Yeah, I think those quirky megarange freewheels are from the mid-late 90s. I think they might still make em.


----------



## pinguwin (Aug 20, 2004)

Fillet-brazed said:


> those quirky megarange freewheels


What's quirky about them. I might need to pick one up for a pair of Bullseye hubs.

Pinguwin


----------



## Fillet-brazed (Jan 13, 2004)

pinguwin said:


> What's quirky about them. I might need to pick one up for a pair of Bullseye hubs.
> 
> Pinguwin


Its a little quirky when you shift from the 24t (or whatever it is) to the 34t or vice versa. Its a large change in cadence.


----------



## hollister (Sep 16, 2005)

pinguwin said:


> What's quirky about them. I might need to pick one up for a pair of Bullseye hubs.
> 
> Pinguwin


im guessing the GIANT big gear and the funny red pulley deraileure (sp?) needed.


----------



## thecrazyfinn (Apr 7, 2007)

Fillet-brazed said:


> Yeah, I think those quirky megarange freewheels are from the mid-late 90s. I think they might still make em.


Actually, the Megaranges are a post 2001 product, They added an 11-28 in '05 IIRC, as well as the weird 11-34.


----------



## thecrazyfinn (Apr 7, 2007)

hollister said:


> im guessing the GIANT big gear and the funny red pulley deraileure (sp?) needed.


Should work with any modern MTB derailleur. They also offer an 11-28 version.


----------



## Fillet-brazed (Jan 13, 2004)

thecrazyfinn said:


> Actually, the Megaranges are a post 2001 product, They added an 11-28 in '05 IIRC, as well as the weird 11-34.

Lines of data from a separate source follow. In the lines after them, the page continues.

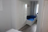 Die 40 m² große Ferienwohnung (Ostseite) befindet sich auf der 1. Etage im Haus Schleswig und bietet Raum für max. 5 Personen. Ein Doppelbett, ein Einzelbett im separaten Schlafraum bieten Schlafplätze für 3 Personen. Ein großes Schlafsofa kann zu 2 weiteren Schlafplätzen umgebaut werden.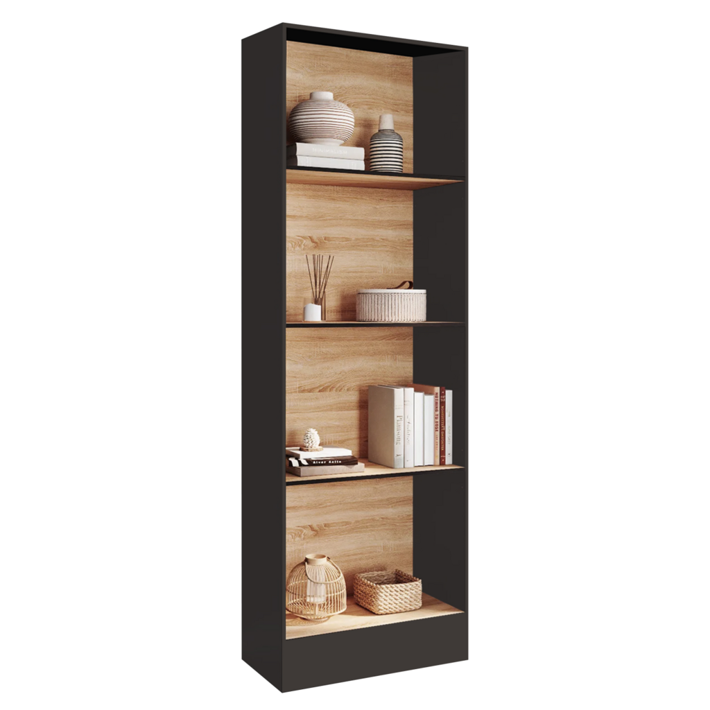 Etagère bibliothèque CARLA 5 niveaux noir et effet bois 190 cm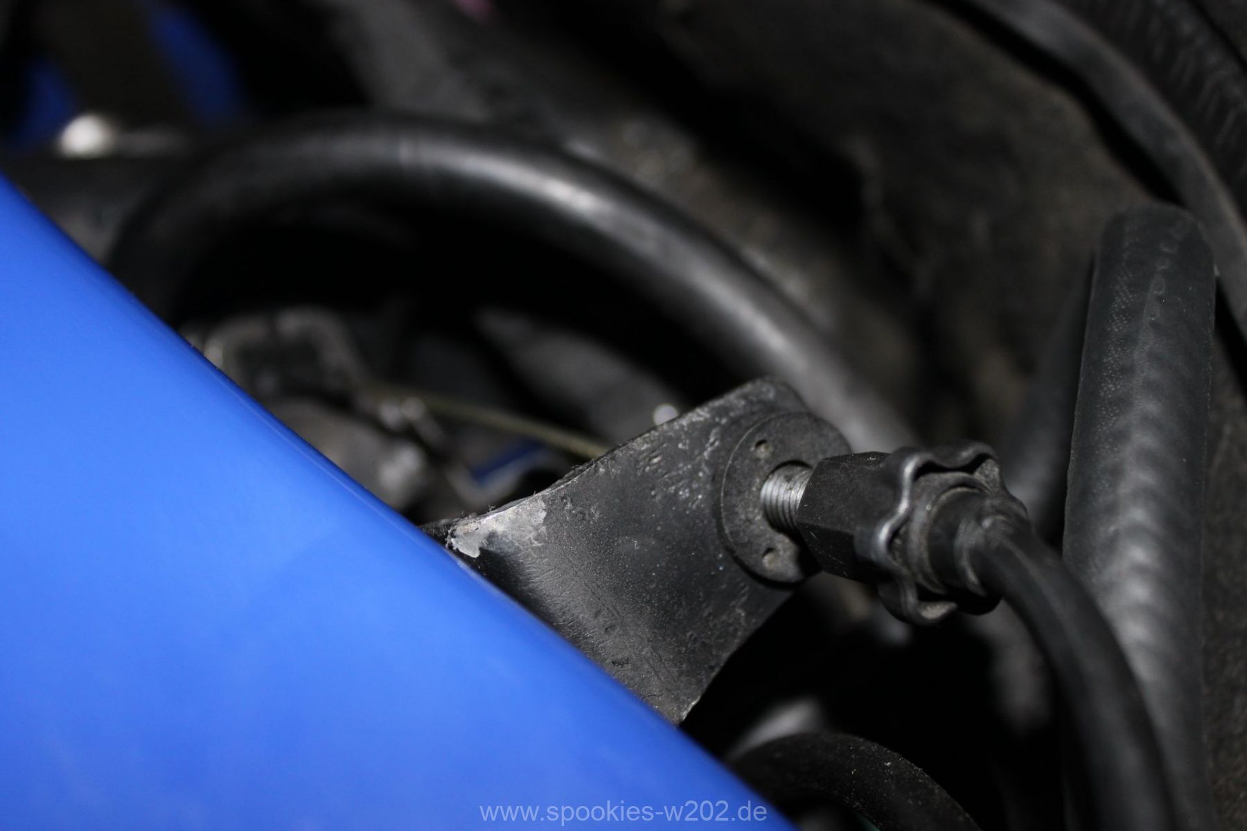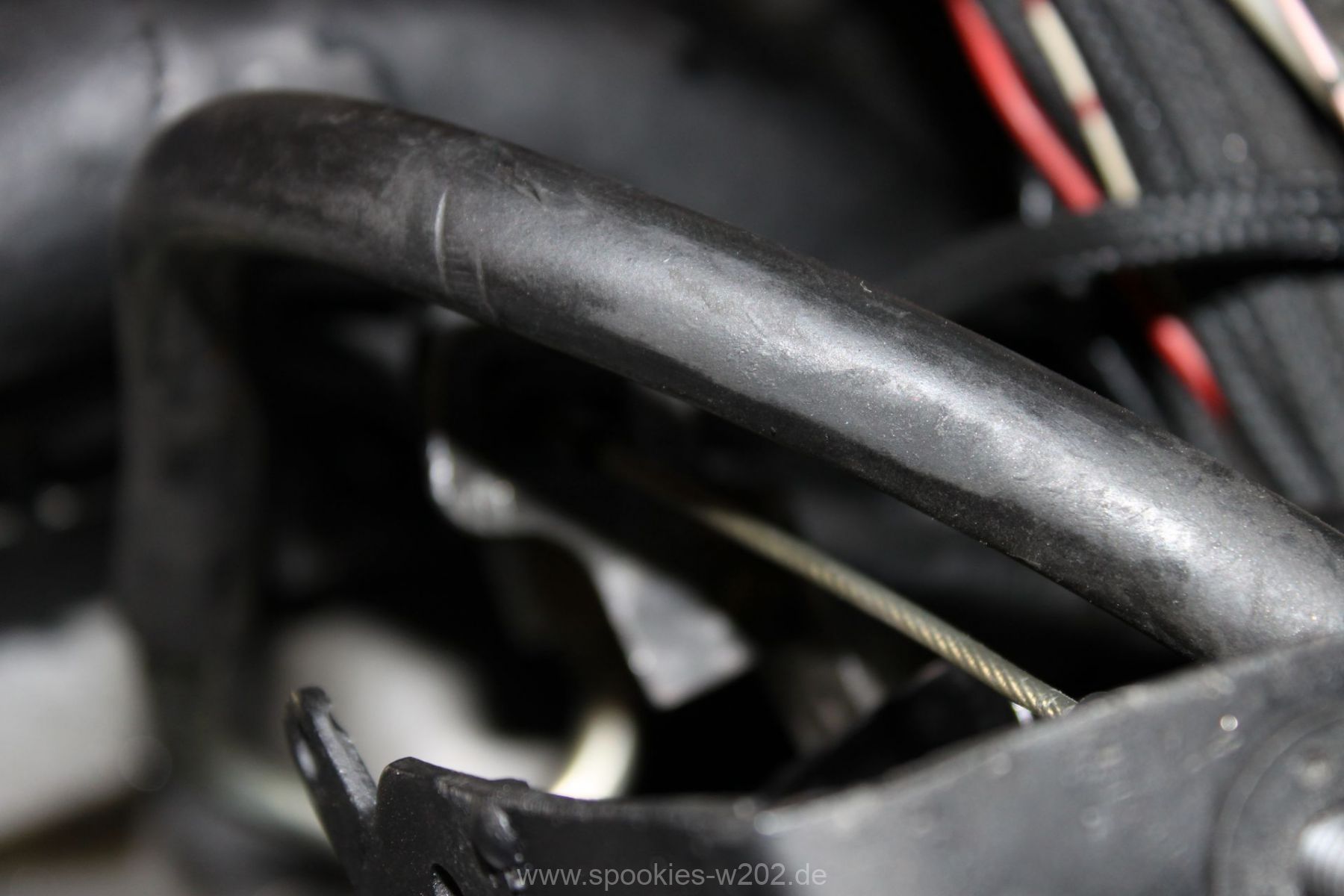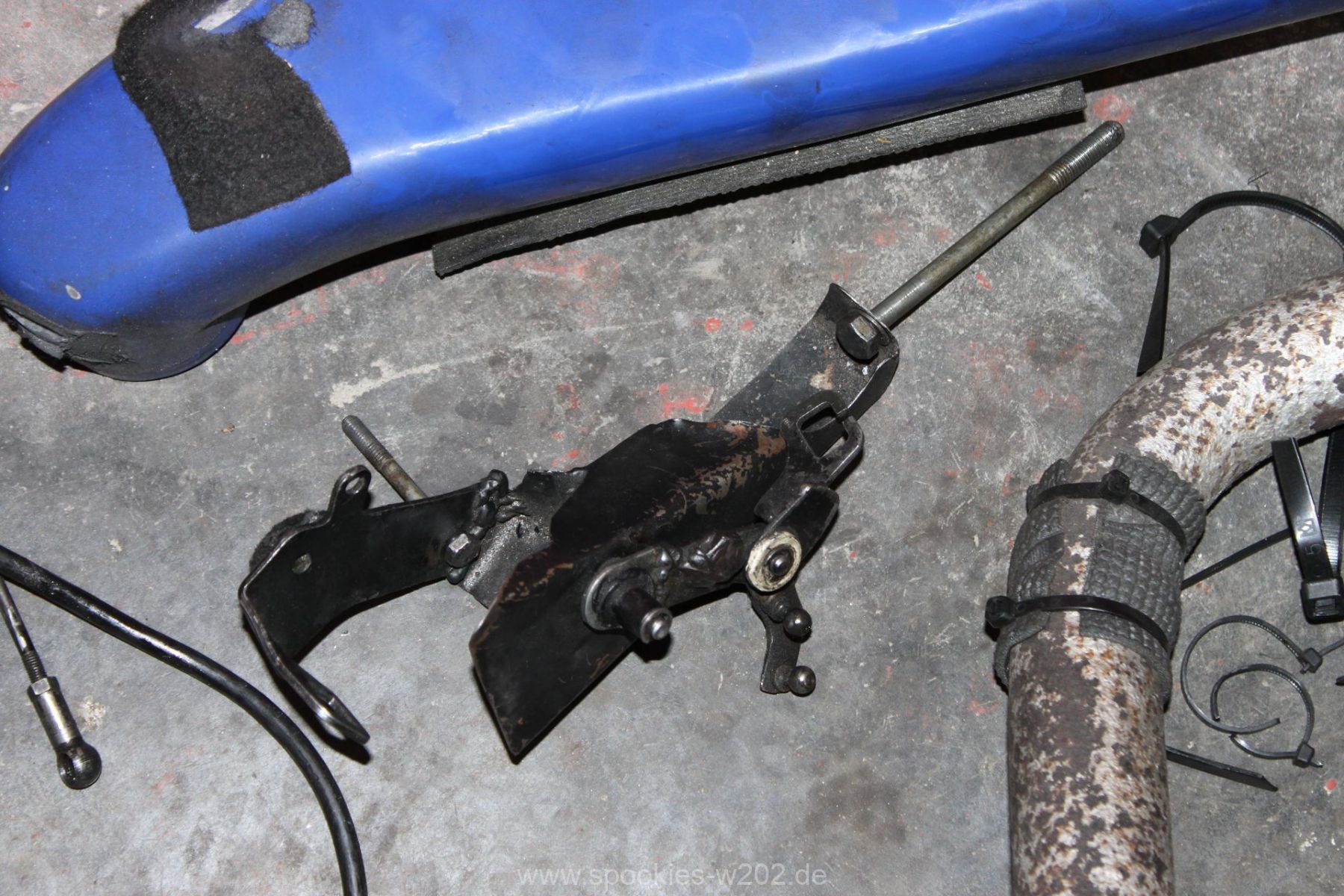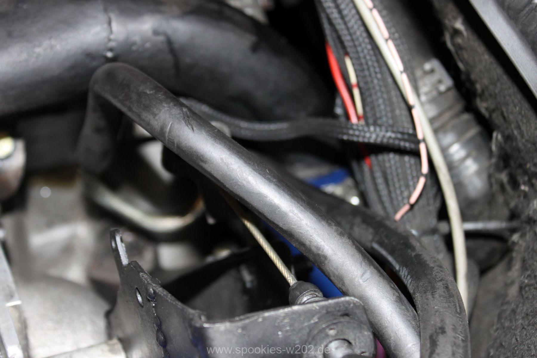 Beim Zusammenbau hat man dann auch das nächste Problem gehoben: der Getriebezug/Gaszug, der bisher nur gehemmt gelaufen war und die Drosselklappe nicht komplett öffnen konnte. Was natürlich einen Nachteil für mich hat weil Leistung nicht ganz genutzt wird und es war sogar so, dass er mal hängengeblieben war und nur mit Kabelbindern freigelegt wurde.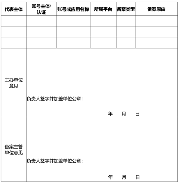 政府系统政务新媒体备案表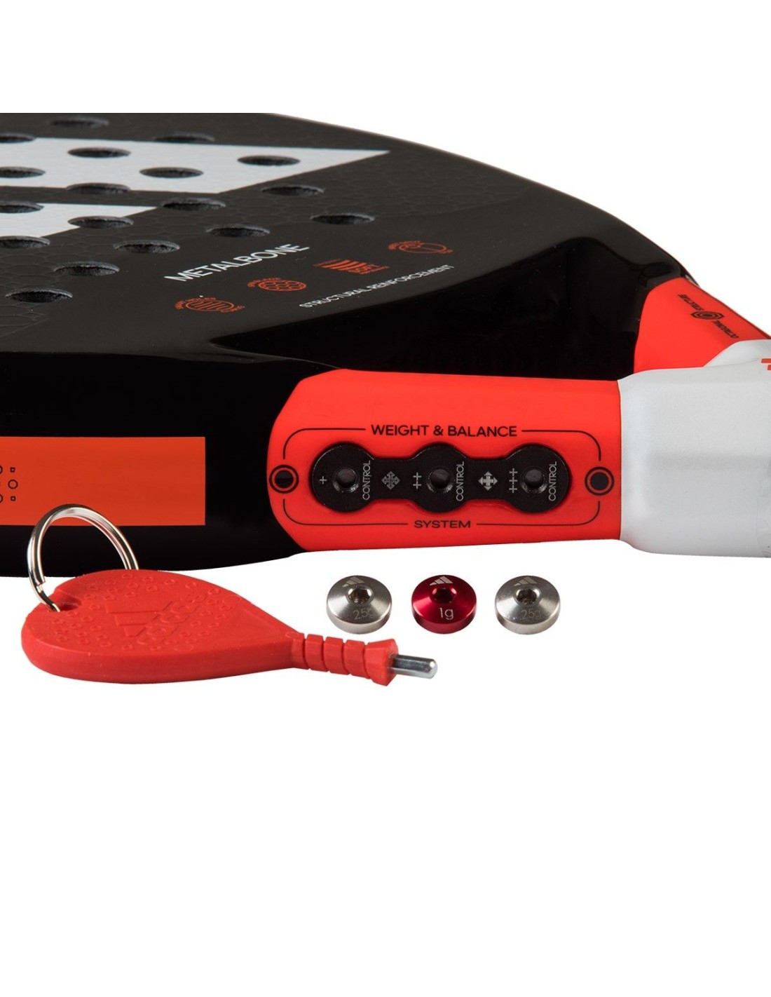 - Verfügt über eine Technologie zur Gewichtsanpassung des Schläger um bis zu 12 Gramm.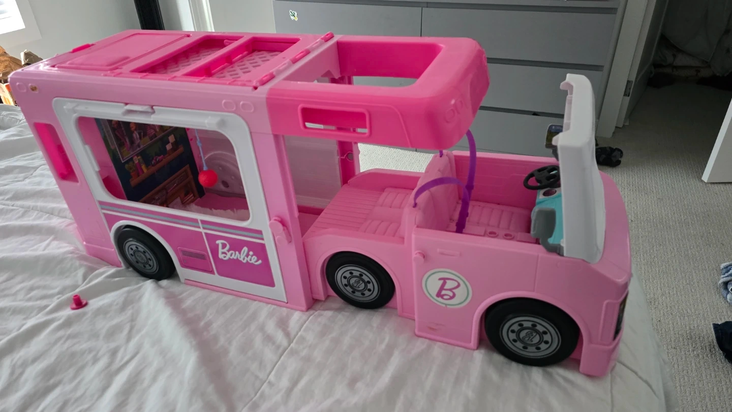 Selling a Barbie DreamCamper vehicle playset! It's in great condition and ready for new adventures. This fun playset is perfect for Barbie fans and includes lots of interactive features for imaginative play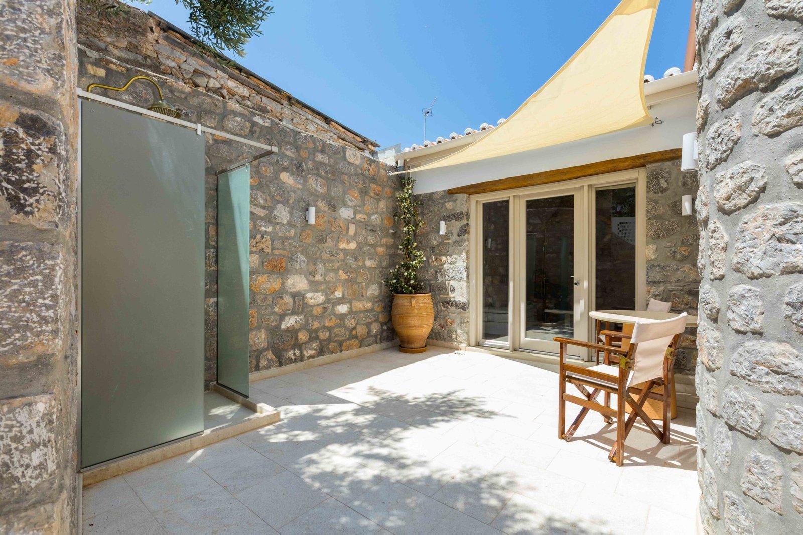 Access to the complex is via traditional cobblestone paths and steps, reflecting Hydra’s authentic character.

yeah, could be, but I coulda' sworn I had a Hannebrink Extreme Terrain bike in about 2000 that had an old looking megarange on it...


----------



## thecrazyfinn (Apr 7, 2007)

Fillet-brazed said:


> yeah, could be, but I coulda' sworn I had a Hannebrink Extreme Terrain bike in about 2000 that had an old looking megarange on it...


I think they did have a 13-34 back then. The 11-xx freewheels are new designs.


----------